◆ WHAT THE TASK REQUIRES: Should the listing contain images, exclude them; give the rest again exactly.

◆ MATERIAL PROVIDED:
______________________________
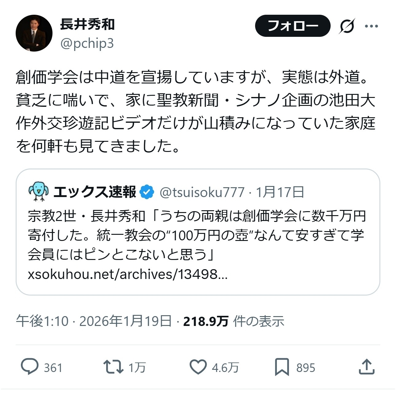 長井秀和「創価学会は中道を宣揚してるが、実態は外道。大作珍遊記ビデオが山積みの家を何軒も見てきた」
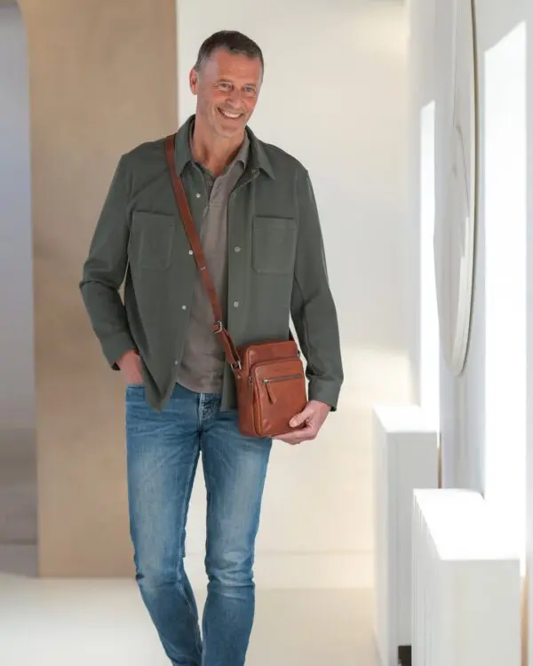 Leðuraxlartaskan Bremen er með aðalhólf með rennilás. Í aðalhólfinu er geymsluhólf með rennilás að innan. Tvö auka geymsluhólf eru að framan. Til að nota fyrir veski, kort eða gleraugu. Þessi axlartaska er einnig með rennilás hólf aftan á.
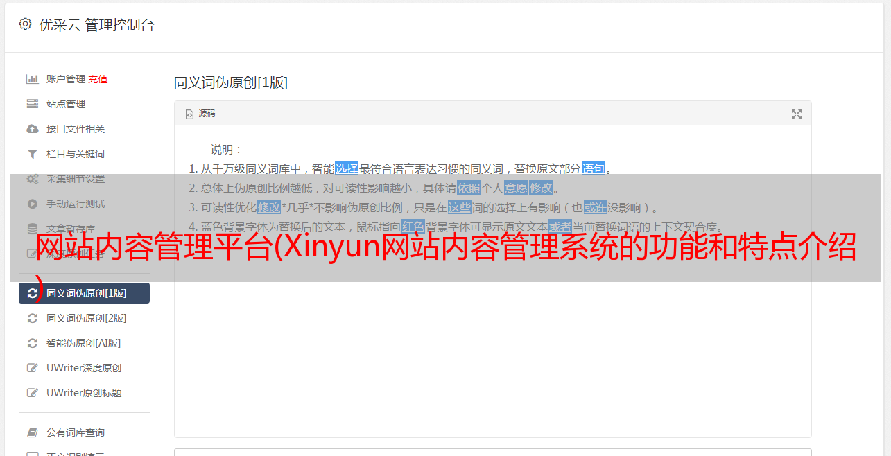 优采云 发布时间: 2021-09-07 17:19网站内容管理平台(Xinyun网站内容管理系统的功能和特点介绍
______________________________
◆ TASK RESPONSE:
 長井秀和「創価学会は中道を宣揚してるが、実態は外道。大作珍遊記ビデオが山積みの家を何軒も見てきた」
 Leðuraxlartaskan Bremen er með aðalhólf með rennilás. Í aðalhólfinu er geymsluhólf með rennilás að innan. Tvö auka geymsluhólf eru að framan. Til að nota fyrir veski, kort eða gleraugu. Þessi axlartaska er einnig með rennilás hólf aftan á.
 优采云 发布时间: 2021-09-07 17:19网站内容管理平台(Xinyun网站内容管理系统的功能和特点介绍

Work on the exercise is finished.